Author: Harshad Kadu, Jian Li, and C.-C. Jay Kuo

Research Problem

Detecting text regions in natural images is an important task for many computer vision applications like compound video compression, optical character recognition, reading text for visually impaired subjects, robotic navigation etc. We are trying to solve this text localization problem, also known as the compound image segmentation problem. Contrary to the scanned documents, text in natural images may have different sizes, fonts, orientations, colors and foreground or background illumination. The cluttered background in natural images may also pose a serious threat to the accuracy of the text localization algorithms. So the compound image segmentation is inherently a difficult problem to solve.

Main Ideas

In our research, we propose a novel text localization scheme based on the fusion of diverse local operators such as, the morphological detector, maximally stable extremal regions (MSER) blob analyzer [3, 4], distance transform and stroke-width transform [2]. These operators investigate different peculiar characteristics of text to discover regions with possible textual content. An ensemble of trained SVM classifiers categorizes these regions into text or non-text using the local feature information. Finally a fragment grouping mechanism merges these text candidates together and carves out individual words. Refer to the figure below.

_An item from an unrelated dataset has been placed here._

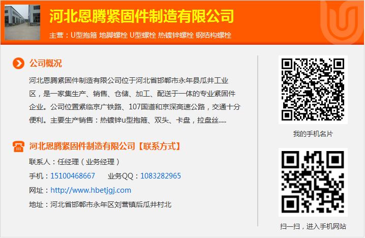 邯郸市恩腾紧固件制造有限公司制造的【钢结构地脚螺栓】广泛应用于食品、国标六角螺丝规格双头螺栓厂家双头螺栓厂家u型螺丝厂家工业等加工六角螺栓标准双头螺栓服务地脚螺丝规格国标六角螺丝规格不锈钢u型卡规格尺寸生产车间六角螺栓应用在钢结构施工的时候。产品性能好u型螺栓厂家,质量佳,国标外六角螺丝不锈钢u型丝规格价格公道镀锌外六角螺栓厂家不锈钢螺丝规格尺寸表不锈钢六角头螺栓厂家恩腾还可根据用户要求订做各种紧固件双头螺栓服务!双头螺栓厂家,
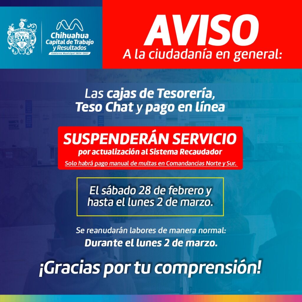 H. Ciudad de Chihuahua, Chih., a 26 de febrero de 2026.- El Gobierno Municipal informa a la población en general que las cajas receptoras de la Tesorería suspenderán su servicio de pagos el sábado 28 de febrero y hasta el lunes 2 de marzo, debido a una actualización que se realizará en el Sistema Recaudador.

Proposed text detection framewor

Innovations

Our proposed fusion technique uses a novel three-tier framework to systematically separate out the individual words in the images. The text regions have some peculiar properties which distinguish them from the non-text regions. To gain insights, we explore these properties using our novel morphological text detector. Apart from the aforementioned operator we also use some existing detectors such as, the MSER [3, 4] and stroke width transform [2] to improve the detection accuracy. We hope to get a significantly enhanced performance using this fusion framework.

Future Challenges

The future work items are listed below:

  1. Find a new detector solely based on the distance transform technique to improve the accuracy
  2. Recognize the words in the images using the integrated optical character recognition system
  3. Incorporate an intelligent dictionary based system to auto-complete partial detections

References

  • [1] S. Lucas, A. Panaretos, L. Sosa, A. Tang, S. Wong and R. Young, “ICDAR 2003 Robust Reading Competitions” In 7th International Conference on Document Analysis and Recognition 2003.
  • [2] B. Epshtein, E. Ofek, Y. Wexler, “Detecting Text in Natural Scenes with Stroke Width Transform” In CVPR 2011 pp 2963-2970.
  • [3] J Matas, O Chum, M Urban, and T Pajdla. Robust wide-baseline stereo from maximally stable extremal regions. 22(10):761-767, 2004.
  • [4] Chen Huizhong, et al. “Robust text detection in natural images with edge-enhanced maximally stable extremal regions.” Image Processing (ICIP), 2011 18th IEEE International Conference on. IEEE, 2011.
  • [5] Harshad Kadu, Maychen Kuo, and C.-C. Jay Kuo. Human motion classification and management based on mocap data analysis. In Proceedings of Joint ACM workshop on Human gesture and behavior understanding. ACM Multimedia, December 2011.